Leider liegt nun das Campo Bahia der Deutschen ebenfalls an dem Weglein. Und weil die staatlichen Sicherheitskräfte das mit der Sicherheit sehr genau nehmen, haben sie kurzerhand das hintere Drittel der Straße abgesperrt, Menschen in Kampfanzügen patrouillieren, man könnte fast glauben, man nähere sich einer Militärbasis. Mancher Anwohner schaffte es zuletzt ob solcher Sicherheitsstandards kaum in sein eigenes Haus zurück.

Der Ärger, er schwoll.

Gestern Abend nun die Aussprache in der dorfeigenen Disco. Rund 50 Anwohner erschienen, dazu eine lokale Polizeiautorität und ein grimmig dreinschauender Oberbefehlshaber der, nun ja, Streitkräfte. Wer dabei war, bekam einen Eindruck, wie sich das Leben für die Einheimischen jenseits der Wohlfühloase in der vergangenen Woche verändert hat. Dabei richtet sich der Unmut weniger gegen die Deutschen, sondern gegen die von der brasilianischen Regierung verordneten Maßnahmen zum "Schutz" unserer Mannschaft.

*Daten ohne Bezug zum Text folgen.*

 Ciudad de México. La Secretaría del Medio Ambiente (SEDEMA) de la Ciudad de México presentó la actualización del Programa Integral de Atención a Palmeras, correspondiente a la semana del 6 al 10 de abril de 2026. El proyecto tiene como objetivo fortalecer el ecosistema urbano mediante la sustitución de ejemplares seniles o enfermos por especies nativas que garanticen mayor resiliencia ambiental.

Denn zahlreiche Beschwerden wurden den beiden Sicherheitschefs ruhig, aber eindringlich vorgebracht. Nicht nur die Straßensperre stört nämlich (manche Frau hatte nachts nach der Spätschicht Probleme, wieder in ihr Haus zu gelangen), auch die überhöhte Geschwindigkeit der getarnten Kräfte mit ihre Trucks verärgert. Notfälle, die ein solches Fahrverhalten rechtfertigten, sind schließlich weit und breit nicht zu finden.

Für die Schweizer nur ein lausiger Beamter

Dass die beiden Sheriffs ziemlich nervös an ihrem provisorischen Schreibtisch saßen, offenbarte, dass wohl ein gewisses Unrechtsbewusstsein vorhanden war. Aber natürlich nur bis zu einem gewissen Grad, Militär bleibt Militär. "Lassen Sie das mal unsere Sorge sein, warum wir wie schnell fahren", beschied der Chef der Spezialeinheit etwa knapp.

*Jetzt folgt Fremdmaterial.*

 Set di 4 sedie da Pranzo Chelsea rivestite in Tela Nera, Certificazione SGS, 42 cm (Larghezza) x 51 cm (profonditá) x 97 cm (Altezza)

Dann erklärte er, warum man das deutsche Camp auf einer Insel so hermetisch bewache wie einen atomaren Atomwaffenstützpunkt. Lauter Superstars seien das, von Barcelona, Real, Manchester und so weiter. Die Frage eines Anwohners, warum bei den unweit stationierten Schweizern gerade ein lausiger Beamter Dienst schiebt, wo die Insel einer Festung gleicht, blieb dann aber wohlweislich unbeantwortet. Schweiz bleibt Schweiz, sollte das wohl heißen.

Aber man fand dann eine Lösung und manchmal wurde soger gelächelt. Ab sofort gilt: Jeder darf passieren, wenn er auf der Liste steht und sich ausweist. Alle Namen der Anwohner wurden hierfür aufgenommen. Glücklich sahen die Anwohner dann nicht aus, als sie abzogen, aber zumindest ein bisschen zufriedener.

Die Charmeoffensive des DFB, sie ist auf jeden Fall erst einmal verpufft. Mit der Abreise des Trosses wird sich dann wieder so etwas wie Normalität über das kleine Dorf am großen Strom legen.

Mancher wird es kaum erwarten können.